Milk: Oscars 2009
MilkA film should really be judged on its ability to stand on its own, regardless of context or timing. However, it is difficult to discount the timeliness of Milk, Gus Van Sant's moving drama about the life and tragic assassination of Harvey Milk, the first openly gay man to be elected to office in California.
In a year when "hope" has been draped over every strata of society, no figure epitomizes the word more than the courageous Milk, excepting the gentleman currently residing at 1600 Pennsylvania Avenue.
Likewise, in a year where the struggle for equality took a blow with the passage of proposition 8 in California, Milk serves as a reminder of not only the damaging effects of intolerance and hatred but more importantly the potential for compassion and understanding within the human spirit.
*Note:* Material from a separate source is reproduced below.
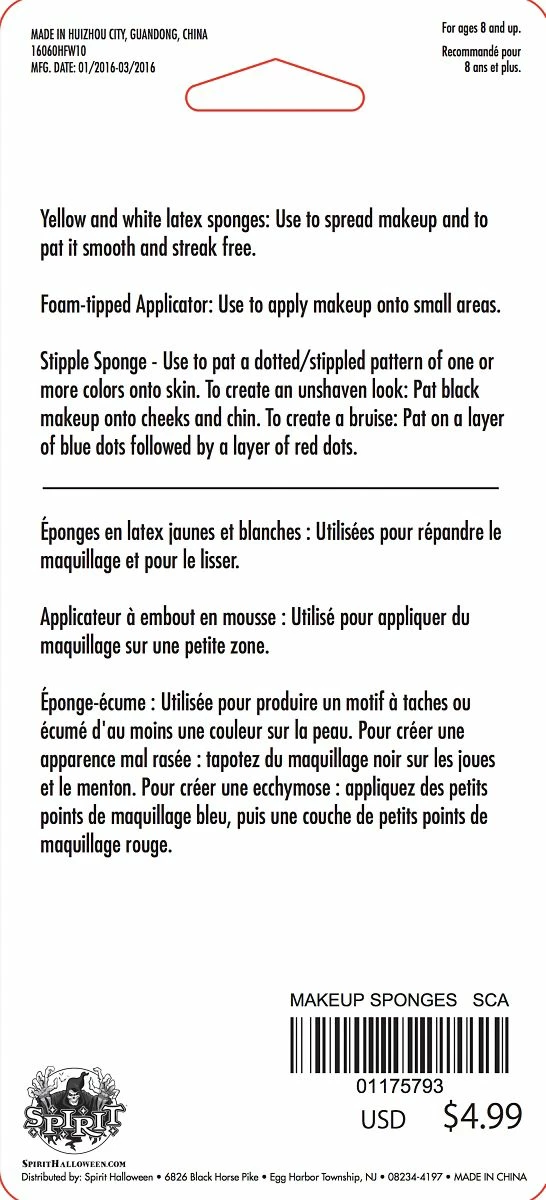 Create your crazy character face using this Makeup Sponge Kit. Cover your face in color any way you want!

The film begins as Harvey, played with deep sensitivity and an understated strength by the always-up-to-the task Sean Penn, decides to leave New York for the more welcoming streets of San Francisco. Milk and his partner Scott Smith, the very sharp James Franco, quite literally set up shop in one of the city's burgeoning Bohemian neighborhoods, "The Castro." Milk quickly finds himself embroiled in local politics, where he is surrounded by a raucous cast of characters, including the young Cleve Jones (Emile Hirsch in what may be his best performance to date), culminating in his election to the role of city supervisor.
When Milk finds himself taking on Proposition 6, an initiative to ban gays and lesbians from teaching in public schools, the audience, regardless of their political beliefs, cannot helped but be moved by the ability of one man to unite those around him and give a voice to the voiceless.
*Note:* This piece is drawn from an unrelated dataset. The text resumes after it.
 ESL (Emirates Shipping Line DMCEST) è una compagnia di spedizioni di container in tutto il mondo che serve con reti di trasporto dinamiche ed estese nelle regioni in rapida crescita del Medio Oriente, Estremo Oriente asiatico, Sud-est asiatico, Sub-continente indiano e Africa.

Penn is more than deserving of his Oscar nod, for his ability to show the deeply personal side of a revered public figure, as is Josh Brolin who reaches new levels of complexity in his turn as the disturbed Dan White, Milk's conservative foil on the Board of Supervisors.
Van Sant brings alive the vibrancy and feel of San Francisco in the 1970s. By sprinkling archival footage throughout the film he manages to give the picture a sense of reality.
In the smallest sense Milk is a civics lesson, and a damn good one at that. In a much grander sense, however, it is a story about unity in the face of adversity. It is about a belief in a better tomorrow.